_EXERCISE_
For the entries that follow, restate word for word the line containing "Il Fasciatoio Tondo", the line containing "1966 Chevrolet Corvette", and every line that lies between them.

_GIVEN RECORDS_
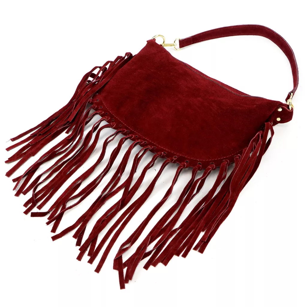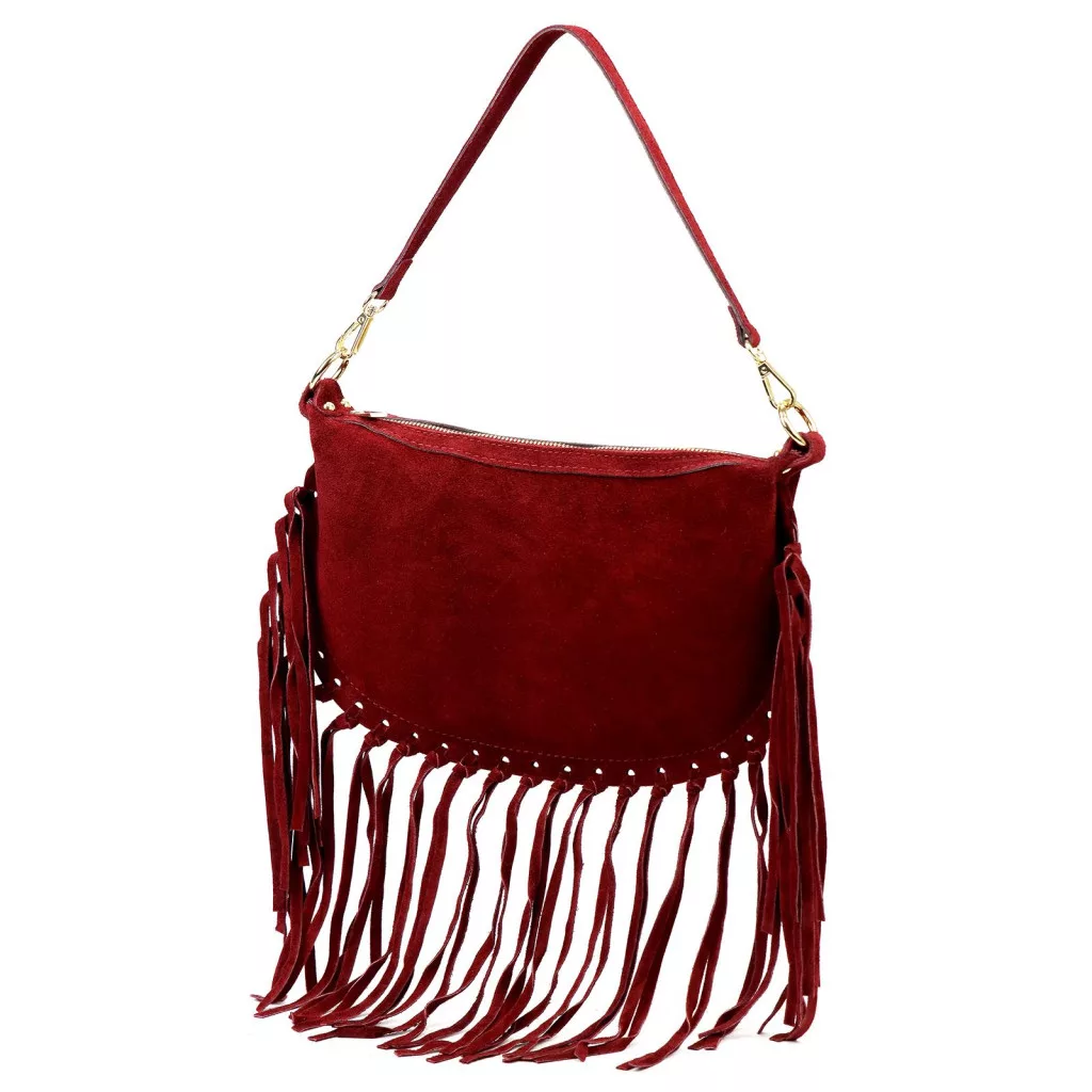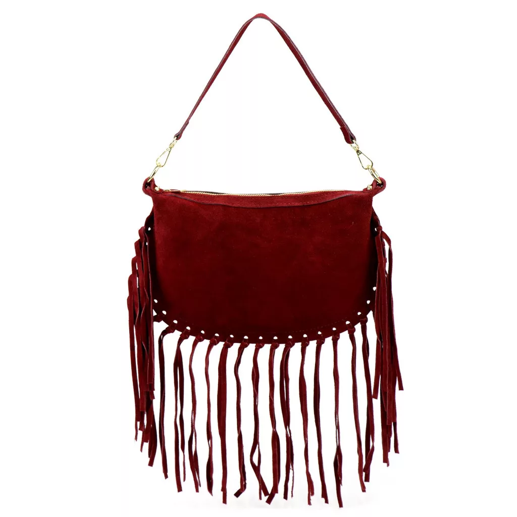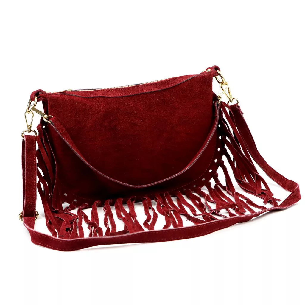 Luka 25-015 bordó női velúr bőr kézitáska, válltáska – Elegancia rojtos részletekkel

==

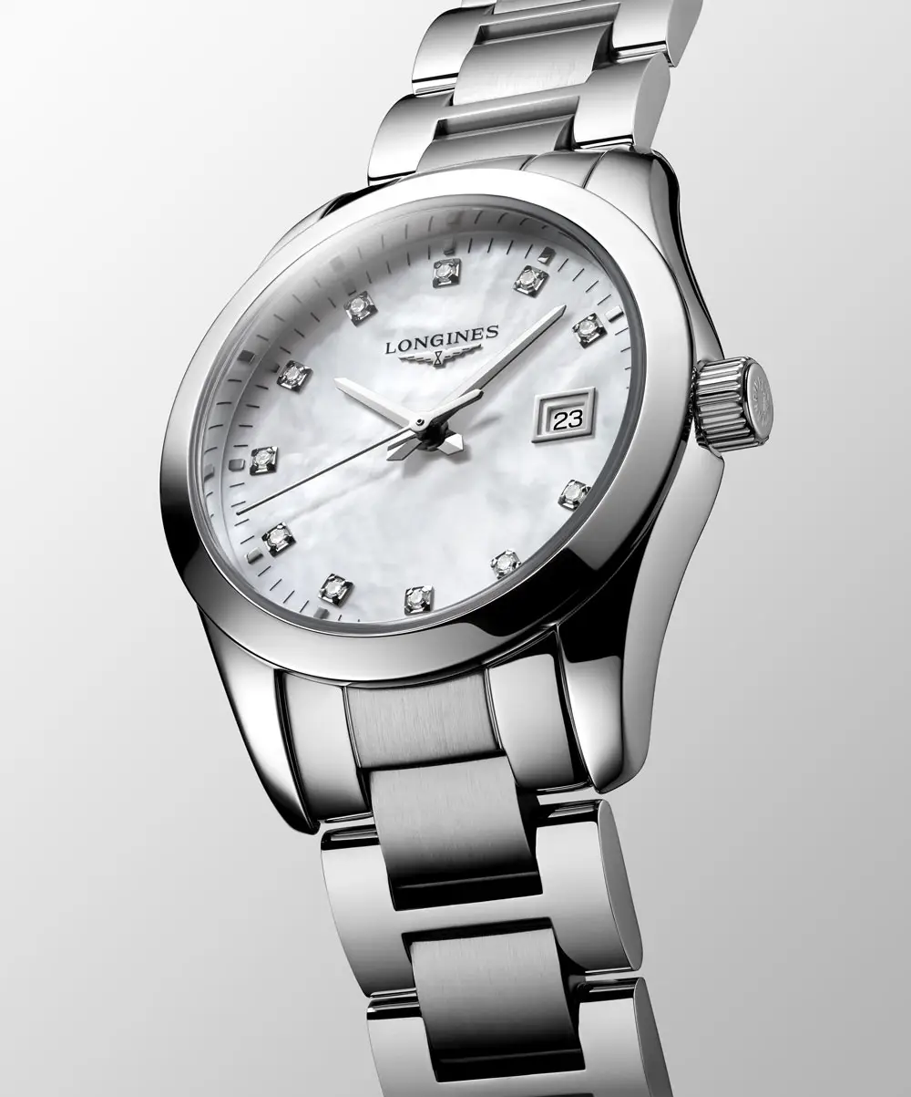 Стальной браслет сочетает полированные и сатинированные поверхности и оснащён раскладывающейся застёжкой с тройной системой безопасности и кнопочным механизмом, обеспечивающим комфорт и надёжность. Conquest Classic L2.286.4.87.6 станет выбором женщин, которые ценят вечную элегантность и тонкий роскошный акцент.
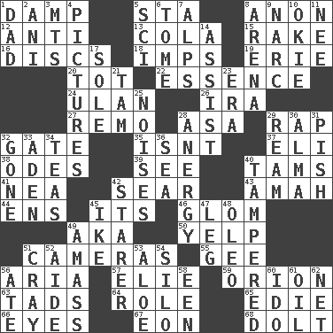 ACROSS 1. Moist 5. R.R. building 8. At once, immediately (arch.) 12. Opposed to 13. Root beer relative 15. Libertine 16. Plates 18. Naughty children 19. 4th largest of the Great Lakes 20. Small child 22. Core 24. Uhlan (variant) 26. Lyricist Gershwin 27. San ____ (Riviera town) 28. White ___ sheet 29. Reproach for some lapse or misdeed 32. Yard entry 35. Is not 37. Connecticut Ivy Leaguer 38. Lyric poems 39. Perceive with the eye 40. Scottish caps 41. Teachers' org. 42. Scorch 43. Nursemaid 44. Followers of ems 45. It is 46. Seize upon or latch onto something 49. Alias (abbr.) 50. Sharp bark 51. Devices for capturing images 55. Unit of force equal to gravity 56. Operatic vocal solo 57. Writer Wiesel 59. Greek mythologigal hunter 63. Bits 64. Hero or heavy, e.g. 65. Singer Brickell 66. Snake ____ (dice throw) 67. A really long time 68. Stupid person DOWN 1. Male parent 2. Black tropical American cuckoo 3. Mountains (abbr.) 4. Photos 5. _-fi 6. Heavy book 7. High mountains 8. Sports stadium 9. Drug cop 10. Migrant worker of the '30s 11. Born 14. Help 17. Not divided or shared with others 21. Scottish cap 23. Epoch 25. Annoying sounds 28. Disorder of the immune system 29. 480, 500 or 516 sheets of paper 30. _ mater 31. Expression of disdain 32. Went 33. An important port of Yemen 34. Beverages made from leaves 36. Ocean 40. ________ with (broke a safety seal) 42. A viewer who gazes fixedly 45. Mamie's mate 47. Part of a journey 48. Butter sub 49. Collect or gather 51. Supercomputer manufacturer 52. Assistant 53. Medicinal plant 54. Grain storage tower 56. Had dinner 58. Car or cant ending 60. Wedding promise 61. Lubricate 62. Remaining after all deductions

==

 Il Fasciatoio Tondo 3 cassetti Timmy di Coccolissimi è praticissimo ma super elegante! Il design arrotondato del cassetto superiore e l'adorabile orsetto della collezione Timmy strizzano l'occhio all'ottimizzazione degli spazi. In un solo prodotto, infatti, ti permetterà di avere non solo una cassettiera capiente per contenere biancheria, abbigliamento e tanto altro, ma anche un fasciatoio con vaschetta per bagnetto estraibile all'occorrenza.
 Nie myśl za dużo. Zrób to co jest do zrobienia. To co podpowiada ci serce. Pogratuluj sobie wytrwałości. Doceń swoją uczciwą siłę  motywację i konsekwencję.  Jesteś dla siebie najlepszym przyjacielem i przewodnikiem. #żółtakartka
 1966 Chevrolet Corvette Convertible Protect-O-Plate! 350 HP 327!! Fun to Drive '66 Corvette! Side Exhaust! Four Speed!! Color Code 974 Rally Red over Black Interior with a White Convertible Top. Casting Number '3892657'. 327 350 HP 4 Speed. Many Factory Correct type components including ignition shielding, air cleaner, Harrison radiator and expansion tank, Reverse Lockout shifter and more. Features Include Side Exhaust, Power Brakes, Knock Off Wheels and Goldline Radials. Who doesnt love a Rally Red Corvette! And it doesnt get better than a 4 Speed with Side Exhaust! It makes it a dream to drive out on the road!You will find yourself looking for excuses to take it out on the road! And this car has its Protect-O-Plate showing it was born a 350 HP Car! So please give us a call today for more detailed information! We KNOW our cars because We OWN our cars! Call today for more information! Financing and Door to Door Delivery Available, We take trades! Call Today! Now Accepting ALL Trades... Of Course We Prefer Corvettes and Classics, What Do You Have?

_RESPONSE FOR THIS EXERCISE_
 Il Fasciatoio Tondo 3 cassetti Timmy di Coccolissimi è praticissimo ma super elegante! Il design arrotondato del cassetto superiore e l'adorabile orsetto della collezione Timmy strizzano l'occhio all'ottimizzazione degli spazi. In un solo prodotto, infatti, ti permetterà di avere non solo una cassettiera capiente per contenere biancheria, abbigliamento e tanto altro, ma anche un fasciatoio con vaschetta per bagnetto estraibile all'occorrenza.
 Nie myśl za dużo. Zrób to co jest do zrobienia. To co podpowiada ci serce. Pogratuluj sobie wytrwałości. Doceń swoją uczciwą siłę  motywację i konsekwencję.  Jesteś dla siebie najlepszym przyjacielem i przewodnikiem. #żółtakartka
 1966 Chevrolet Corvette Convertible Protect-O-Plate! 350 HP 327!! Fun to Drive '66 Corvette! Side Exhaust! Four Speed!! Color Code 974 Rally Red over Black Interior with a White Convertible Top. Casting Number '3892657'. 327 350 HP 4 Speed. Many Factory Correct type components including ignition shielding, air cleaner, Harrison radiator and expansion tank, Reverse Lockout shifter and more. Features Include Side Exhaust, Power Brakes, Knock Off Wheels and Goldline Radials. Who doesnt love a Rally Red Corvette! And it doesnt get better than a 4 Speed with Side Exhaust! It makes it a dream to drive out on the road!You will find yourself looking for excuses to take it out on the road! And this car has its Protect-O-Plate showing it was born a 350 HP Car! So please give us a call today for more detailed information! We KNOW our cars because We OWN our cars! Call today for more information! Financing and Door to Door Delivery Available, We take trades! Call Today! Now Accepting ALL Trades... Of Course We Prefer Corvettes and Classics, What Do You Have?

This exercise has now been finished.